→ Data supplied:
• • • •
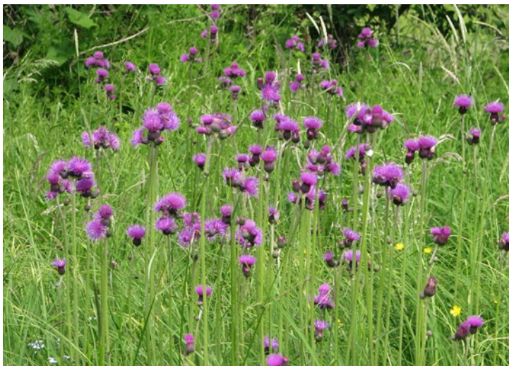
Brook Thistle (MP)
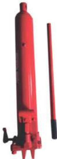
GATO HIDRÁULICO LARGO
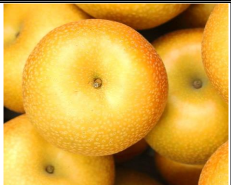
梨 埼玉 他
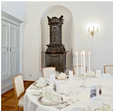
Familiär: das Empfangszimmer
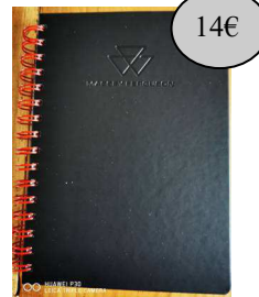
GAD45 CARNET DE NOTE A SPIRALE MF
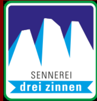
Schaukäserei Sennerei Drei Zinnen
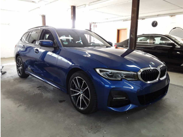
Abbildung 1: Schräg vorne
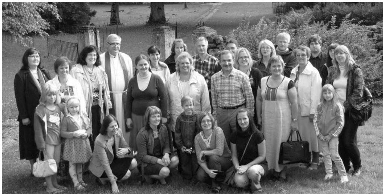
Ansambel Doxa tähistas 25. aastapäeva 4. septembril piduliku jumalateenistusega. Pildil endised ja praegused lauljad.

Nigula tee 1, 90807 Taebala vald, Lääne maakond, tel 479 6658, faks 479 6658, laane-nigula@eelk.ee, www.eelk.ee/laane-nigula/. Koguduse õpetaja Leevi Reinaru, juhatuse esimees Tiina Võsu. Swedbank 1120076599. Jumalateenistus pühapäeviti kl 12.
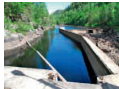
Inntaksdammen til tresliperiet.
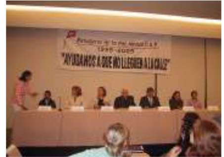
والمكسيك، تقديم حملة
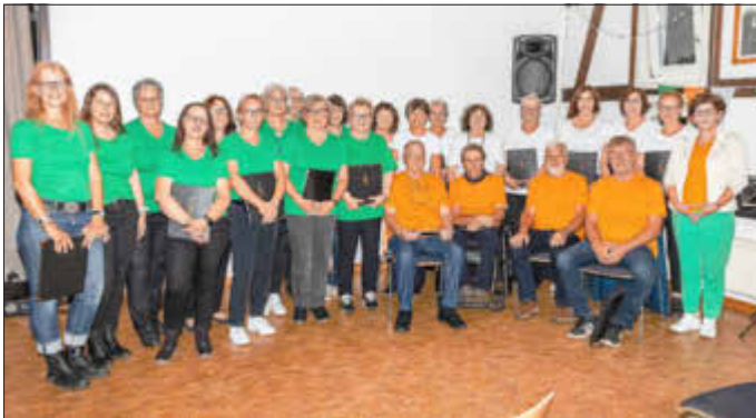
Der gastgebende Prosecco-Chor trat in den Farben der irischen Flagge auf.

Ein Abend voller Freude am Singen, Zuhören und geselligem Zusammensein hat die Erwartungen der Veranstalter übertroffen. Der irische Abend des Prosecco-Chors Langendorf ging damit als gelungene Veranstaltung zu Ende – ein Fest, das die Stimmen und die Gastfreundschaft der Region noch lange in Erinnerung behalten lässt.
• • • •
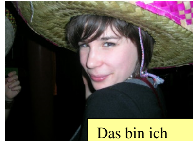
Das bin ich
• • • •
Without the pictures, set down the lines above from the line with "Ansambel Doxa tähistas" up to and including the line with "والمكسيك، تقديم حملة" exactly as they stand.

Ansambel Doxa tähistas 25. aastapäeva 4. septembril piduliku jumalateenistusega. Pildil endised ja praegused lauljad.

Nigula tee 1, 90807 Taebala vald, Lääne maakond, tel 479 6658, faks 479 6658, laane-nigula@eelk.ee, www.eelk.ee/laane-nigula/. Koguduse õpetaja Leevi Reinaru, juhatuse esimees Tiina Võsu. Swedbank 1120076599. Jumalateenistus pühapäeviti kl 12.
Inntaksdammen til tresliperiet.
والمكسيك، تقديم حملة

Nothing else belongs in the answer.